Teahouses hold much the same place in Sichuanese life as a local bar or pub does in the West; some are formal establishments with illuminated signs; others are just a humble spread of bamboo or plastic chairs in the corner of a park, a temple or indeed any available public space. Whatever the establishment, just sit down to have a waiter come over and ask you what sort of tea you’d like – the standard jasmine-scented variety costs around ¥5 a cup, up to ¥40 or more for a really fine brew. Most are served in the three-piece Sichuanese gaiwancha, a squat, handleless cup with lid and saucer. Refills are unlimited – either the waiter will give you a top-up on passing your table, or you’ll be left with a flask of boiling water. In a country where it’s usually difficult to find somewhere to relax in public, teahouses are very welcome: idlers can spend the whole day chatting, playing mahjong, reading or just staring into space, without anyone interrupting – except cruising masseurs and ear-wax removers.

Chongqing

Based around a hilly, comma-shaped peninsula at the junction of the Yangzi and Jialing rivers, CHONGQING (重庆, chóngqìng) is southwestern China’s dynamo, its largest city both in scale and population. Formerly part of Sichuan province and now the heavily industrialized core of Chongqing Municipality, which stretches 300km east to the Hubei border, the city is also a busy port, whose location 2400km upstream from Shanghai at the gateway between eastern and southwestern China has given Chongqing an enviable commercial acumen. While it’s not such a bad spot to spend a day or two while arranging Yangzi River cruises, in many other respects the Mountain City (as locals refer to it) has little appeal. Overcrowded and fast-paced, the city is plagued by oppressive pollution, winter fogs and summer humidity. Nor is there much to illustrate Chongqing’s history – as China’s wartime capital, it was heavily bombed by the Japanese – though the nearby village of Ciqi Kou retains a glimmer of Qing times.

Brief history

Chongqing has a long tradition as a place of defiance against hostile powers, despite being ceded as a nineteenth-century treaty port to Britain and Japan. From 1242, Song forces held Mongol invaders at bay for 36 years at nearby Hechuan, during the longest continuous campaign on Chinese soil, and it was to Chongqing that the Guomindang government withdrew in 1937, having been driven out of Nanjing by the Japanese. The US military also had a toehold here under General Stilwell, who worked alongside the Nationalists until falling out with Chiang Kai-shek in 1944. Though still showing a few wartime scars, since the 1990s Chongqing has boomed; now over two million people rub elbows on the peninsula, with five times that number in the ever-expanding mantle of suburbs and industrial developments spreading away from the river.

Cruising the Yangzi

Chongqing is the departure point for the two-day cruise downriver through the Three Gorges to Yichang. There are two main cruise options, both of which run year-round: relatively inexpensive public ferries, which stop along the way to pick up passengers; and upmarket cruise ships, which only stop at tour sites. For prices from Chongqing to Yichang, along with practical information on buying both ferry and cruise-ship tickets.

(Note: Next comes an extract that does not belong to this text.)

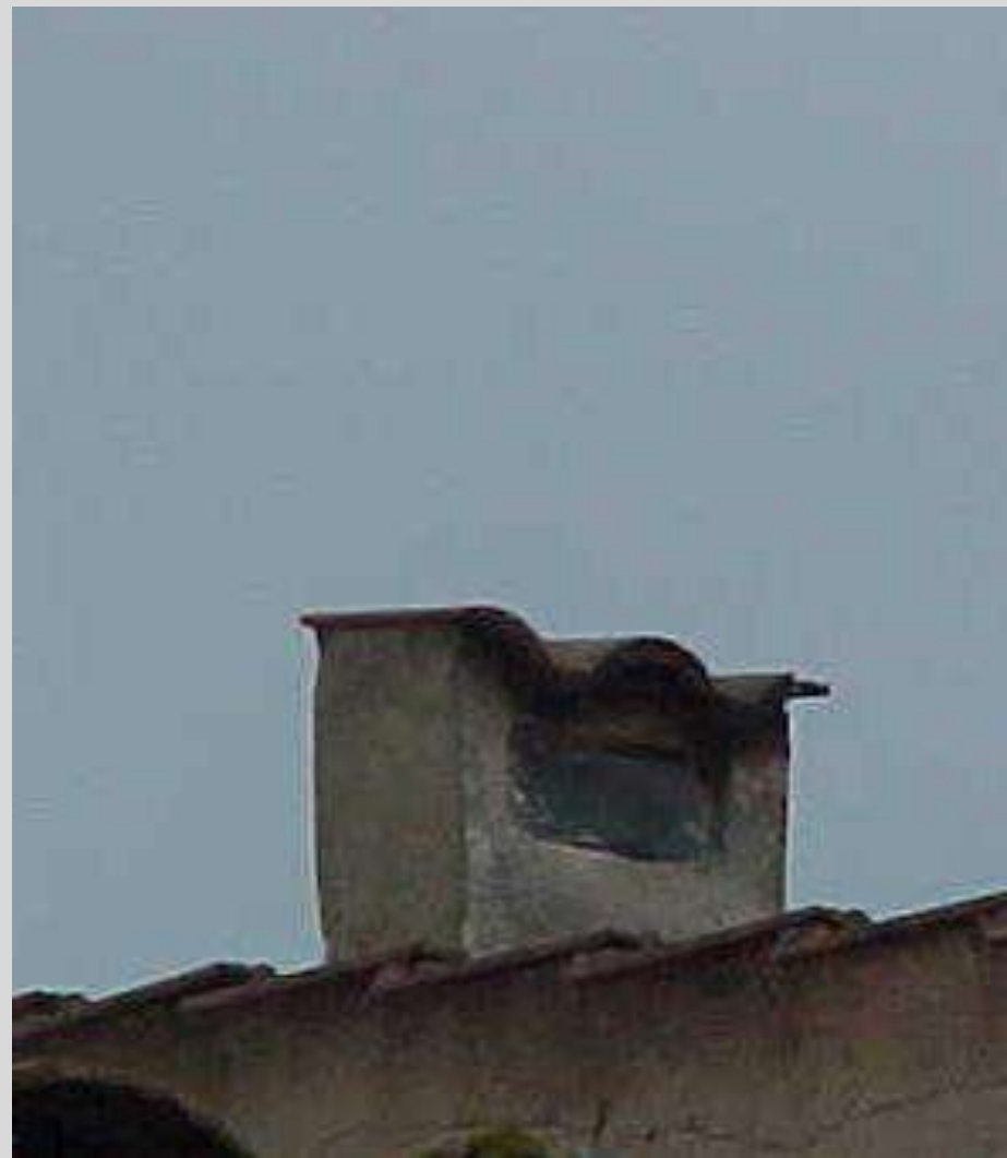
Vilallonga de ter

Public ferries are crowded and noisy, with berths starting at first class – a small and functional double cabin with bathroom – and descending in varying permutations through triples and quads with shared toilets, to a bed in sixteen-person cabins. Timing is important: try to avoid leaving Chongqing between 10am and noon, as you’ll hit the first gorge too early and the third too late to see much. Not all ferries pull in at all ports, and schedules can change en route to compensate for delays, so it’s possible that you’ll miss some key sights. At each stop, departure times are announced in Chinese. Meals (buy tickets from the mid-deck office) are cheap, basic and only available for a short time at 7am, 10am and 6pm, though there’s plenty available onshore at stops. Bring snacks and, in winter, warm clothing. Many tourists complain of unhelpful or plain useless tour guides, and of being harassed by ferry staff to buy expensive on-board tickets for observation decks when access is, in fact, free or much cheaper than advertised.

Alternatively, you could travel in style on a cruise ship. These vessels verge on five-star luxury, with comfortable cabins, glassed-in observation decks, games rooms and real restaurants. They’re usually booked out by tour parties during peak season, though at other times you can often wrangle discounts and get a berth at short notice.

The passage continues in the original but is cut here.